Home ireland What is the Government’s new Land Value Sharing Bill?

What is the Government’s new Land Value Sharing Bill?

What is the Government’s new Land Value Sharing Bill?

The Government recently approved the draft publication of the Land Value Sharing and Urban Development Zones Bill 2022.

The idea behind the bill is to clamp down on land speculation, where developers profit off land that is zoned for housing.

What exactly is the bill though and what impact will it have on new housing developments?
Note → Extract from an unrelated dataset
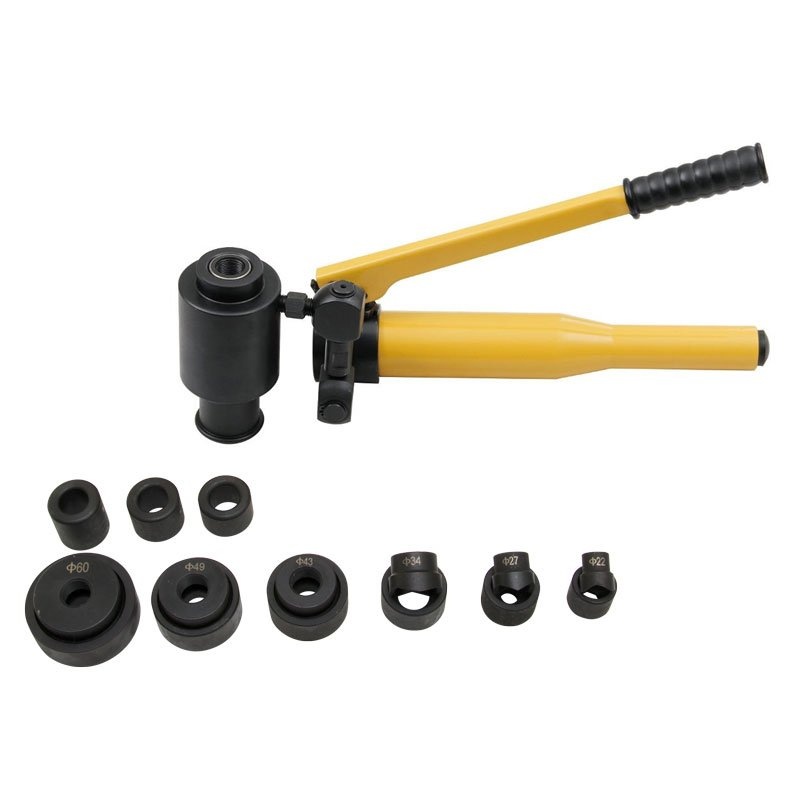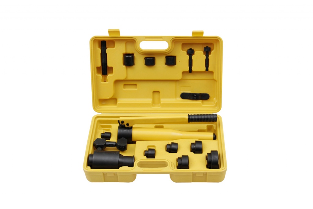 sada v plastovom kufri obsahuje hydraulický ručný pákový dierovač a príslušná razidlá / dierovače a adaptéry

Here are the answers to some of the questions you might have around it…

What is the aim of the bill?

The Government said the aim of the scheme is for local authorities to secure a proportion of the increase in land values stemming from decisions to zone land for development including housing, or subject to an Urban Development Zone designation.

The bill also allows for the designation of Urban Development Zones which have potential for significant development for housing and other purposes.

They said the proposed measures are part of their Housing for All plans, which aim to secure a greater share of community gain from the planning and development process.

How will it work?

Under the bill, the Government plans to levy a 30 per cent tax on the value of land that is rezoned for housing.

It would see landowners and developers pay the difference in the value of land before and after residential zoning.

Instead of developers reaping the benefit of an increase in land value it would go back to the State and more specifically local authorities.

What impact would the bill have?

While the idea of the bill is to recoup the costs of development and give it back to the State, some critics say it will actually increase house prices in the long run.

The Irish Institutional Property says firstly it would be inappropriate for the State to impose this measure without phasing it in over a period of several years.

Pat Farrell, chief executive of the Irish Institutional Property, says the measure would “not reduce housing costs”.

“Only when the land can be developed without a funding gap, should any surplus funds be allocated to a wider county budget. Ultimately it will only increase the ‘tax wedge’ in housing costs,” he said.

TDs and Senators were told that to improve housing delivery, more zoned land, infrastructure and planning permissions are required.

The Government’s new Land Sharing legislation could add up to €35,000 to the price of a home.

The Construction Industry Federation called for the legislation to be paused and reviewed at the Oireachtas Committee on Housing on Thursday morning.

The CIF’s director of housing and planning, Conor O’Connell, says the proposals would only add to the cost of building houses.

“This will require international investment that require stability and certainty of taxation and cost measures of housing delivery.

“An increase in output cost which the LVS would result in would be another tax on housing output.”

“Some of our members estimate the LVS as currently worded could cost between €8,000 and €35,000 per unit,” he said.